Elliott just earlier this week confirmed a multibillion-dollar stake in Salesforce Inc., adding to a recent swell in global activist activity. The hedge fund run by Paul Singer is well-known to Japanese investors for pressing for changes at companies including Toshiba Corp. and SoftBank Group Corp.

Elliott’s engagement with Dai Nippon focused on demands such as more aggressive share buybacks, accelerated disposal of its cross-holdings in other Japanese companies and sale of real estate, according to the Financial Times. The company confirmed the investment but declined to comment on details, the report said.

“Dai Nippon Printing is a well known ‘value name’ because of its net cash and securities holdings which make up a large part of its market cap,” said Travis Lundy, an analyst who publishes on Smartkarma. “There is room for substantially more capital allocation efficiency here.”
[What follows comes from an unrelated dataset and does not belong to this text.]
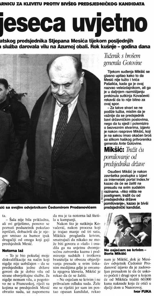 Mikšiću dva mjeseca uvjetno

Founded in 1876, Dai Nippon has garnered attention in recent years for its OLED panel metal masks and pouches for lithium-ion batteries. Its stock is still down 46% from an all-time high in 1997.

The investment news “could light a fire under what has been one of the dullest stocks in Japan over the last few decades,” Amir Anvarzadeh, a strategist at Asymmetric Advisors, wrote in a note, adding that the stock is “extremely cheap”.